* _About this exercise_:
Write out the listing below exactly, and omit any images you find in it.

* _Data block_:
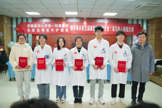 本次大赛邀请了教育处负责人王继年、安徽中医药大学针灸推拿系主任陈朝晖、康复医学党支部宋娟书记、安徽医科大学运动康复系主任陈凯华、安医大一附院北区康复医学科主任陈健、安医大附属巢湖医院康复医学科主任李东霞、安徽医专康复医学系主任石淑霞七位专家担任大赛裁判。共有来自安徽医科大学、安徽中医药大学、安徽医专等六所省内高校在我院实习的康复治疗学专业本专科学生组成的6支代表队,各位参赛队员精心准备、斗志昂扬。经过最终角逐一等奖1名,二等奖1名,三等奖1名,最佳选手1名,最佳领队1名。
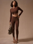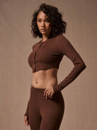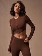 MUSERA Long Sleeve Button Placket Crop Top Clothes Casual Summer
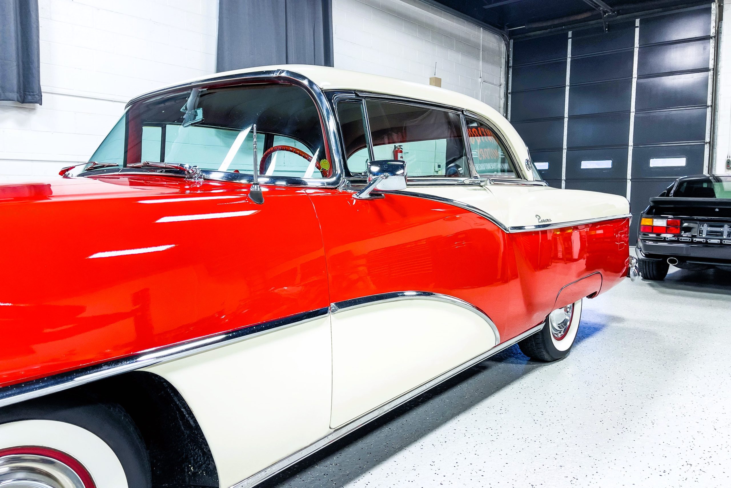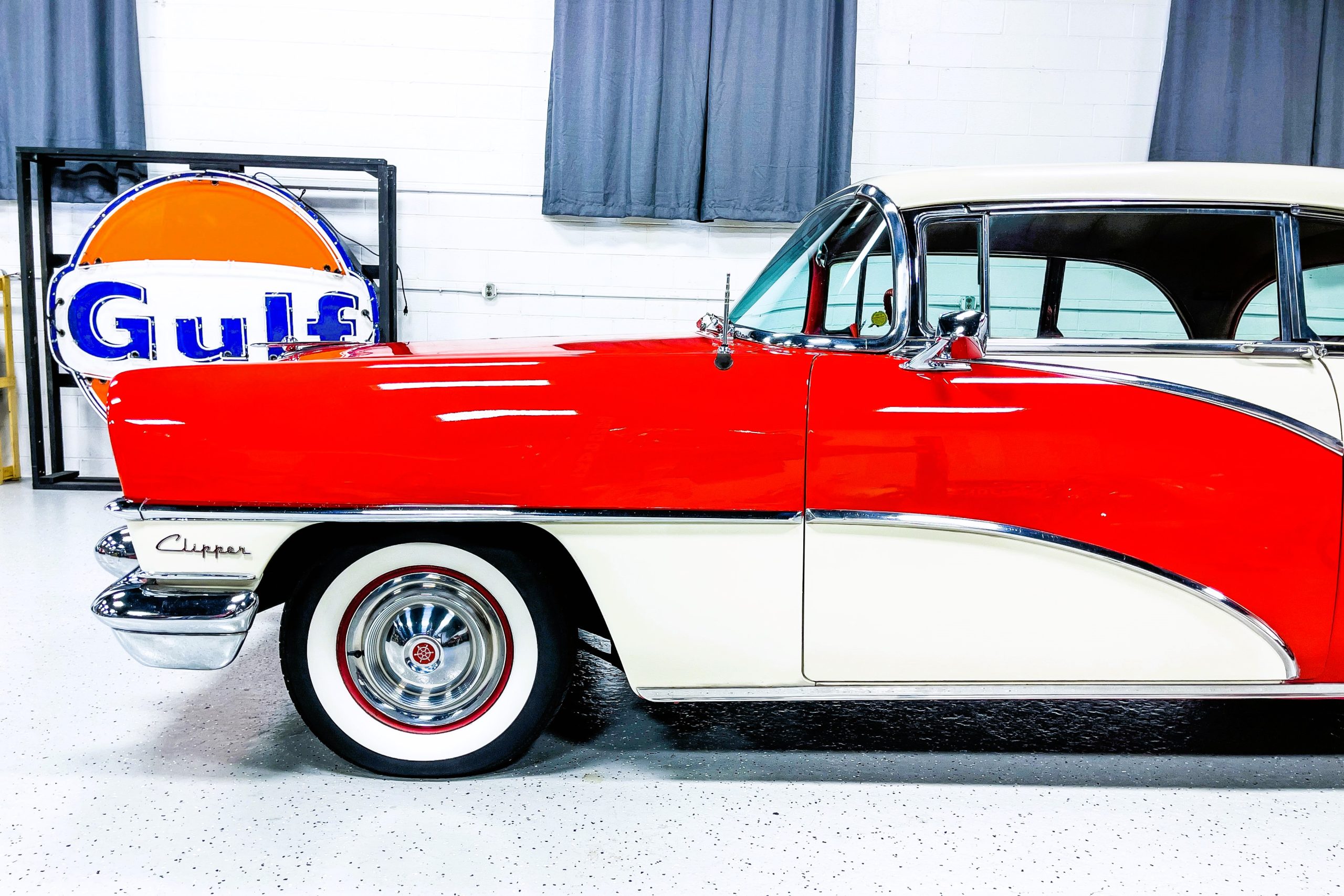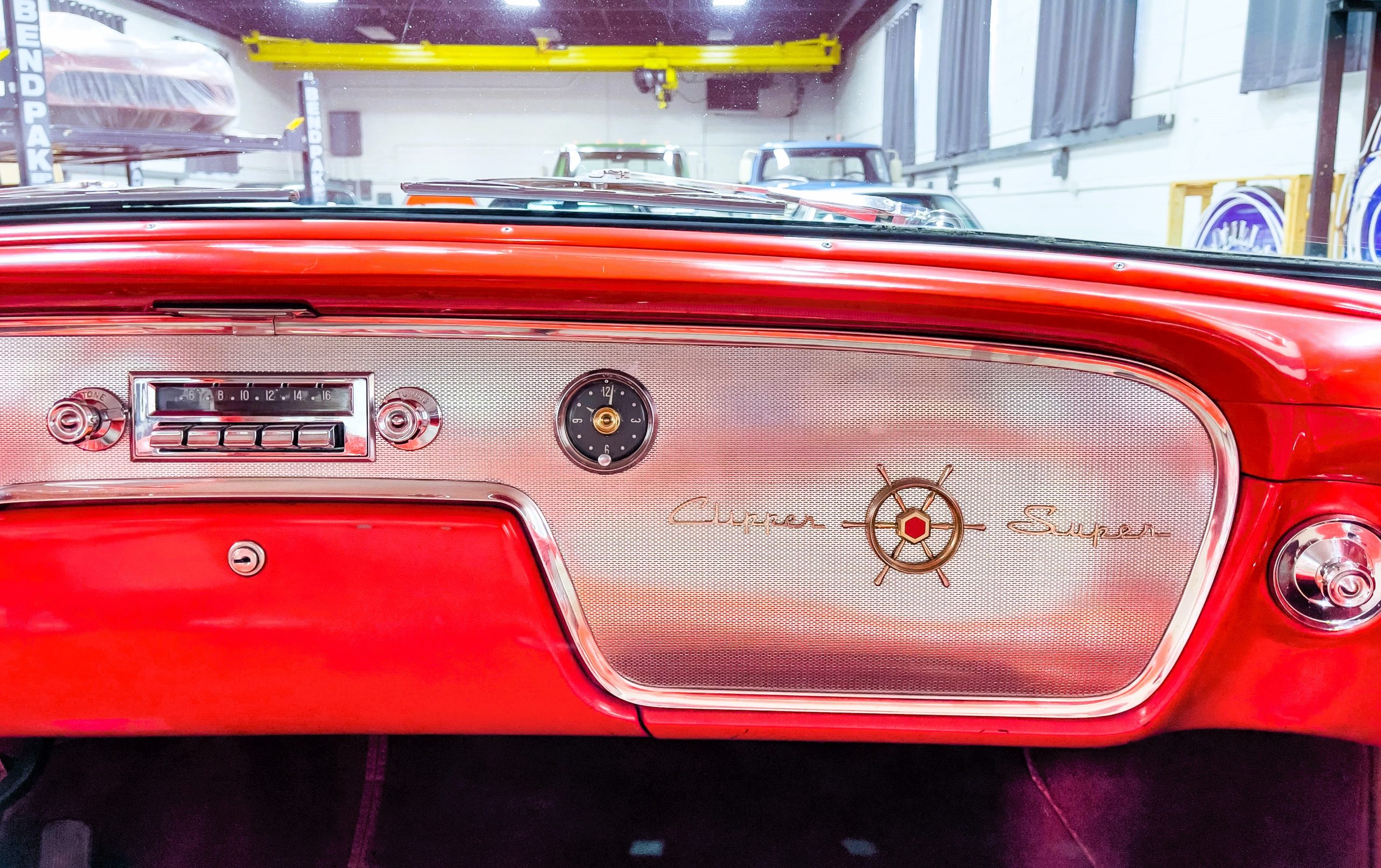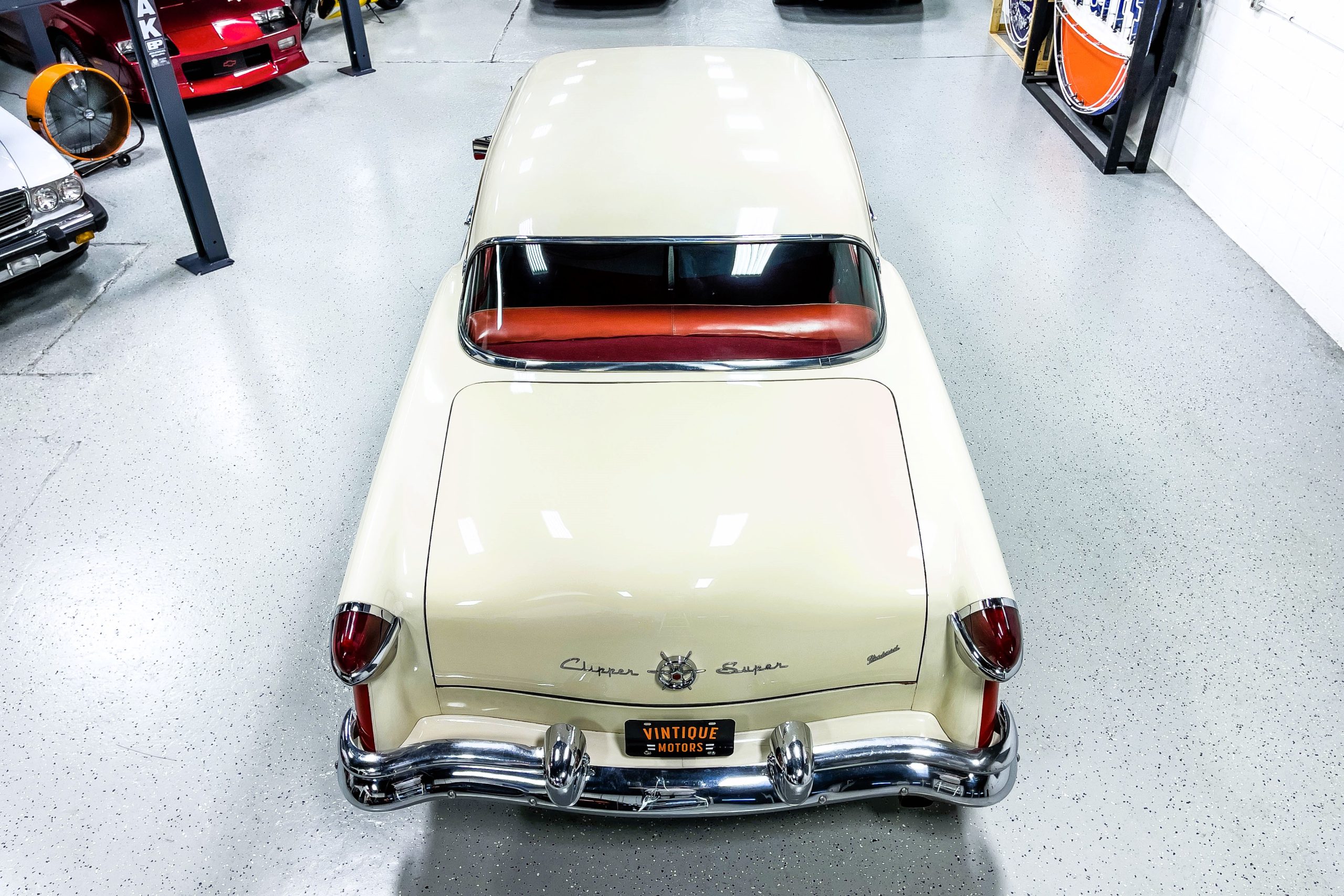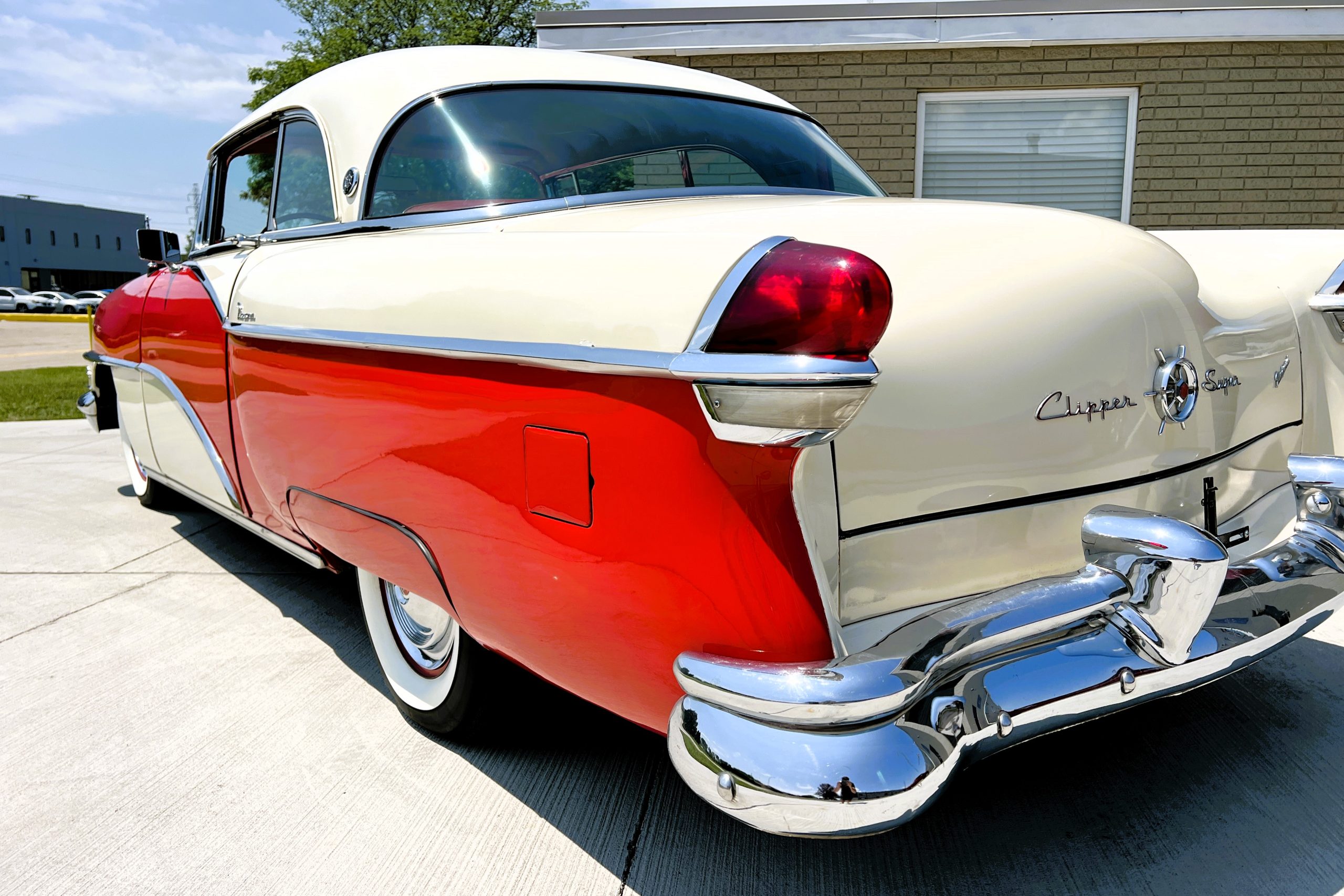 This 1955 Packard Clipper Super Panama, which was only offered as a 2-door hardtop coupe, is finished in two-tone Fire Opal and White Jade over a red interior. The Super Panama trim was the most expensive trim offered on the Clipper model with a retail cost of $3,100. Packard significantly altered the Clipper line in 1955 with a new design, new powertrain, and a new chassis. The car’s front was radically different, with a mesh grille, revised bumper, and a wraparound windshield. Mechanically, a 12-volt electrical system was adopted, a new torsion bar suspension was installed, the Ultramatic transmission was enhanced, and a V8 replaced the straight-eight engines.

* _Reply_:
 本次大赛邀请了教育处负责人王继年、安徽中医药大学针灸推拿系主任陈朝晖、康复医学党支部宋娟书记、安徽医科大学运动康复系主任陈凯华、安医大一附院北区康复医学科主任陈健、安医大附属巢湖医院康复医学科主任李东霞、安徽医专康复医学系主任石淑霞七位专家担任大赛裁判。共有来自安徽医科大学、安徽中医药大学、安徽医专等六所省内高校在我院实习的康复治疗学专业本专科学生组成的6支代表队,各位参赛队员精心准备、斗志昂扬。经过最终角逐一等奖1名,二等奖1名,三等奖1名,最佳选手1名,最佳领队1名。
 MUSERA Long Sleeve Button Placket Crop Top Clothes Casual Summer
 This 1955 Packard Clipper Super Panama, which was only offered as a 2-door hardtop coupe, is finished in two-tone Fire Opal and White Jade over a red interior. The Super Panama trim was the most expensive trim offered on the Clipper model with a retail cost of $3,100. Packard significantly altered the Clipper line in 1955 with a new design, new powertrain, and a new chassis. The car’s front was radically different, with a mesh grille, revised bumper, and a wraparound windshield. Mechanically, a 12-volt electrical system was adopted, a new torsion bar suspension was installed, the Ultramatic transmission was enhanced, and a V8 replaced the straight-eight engines.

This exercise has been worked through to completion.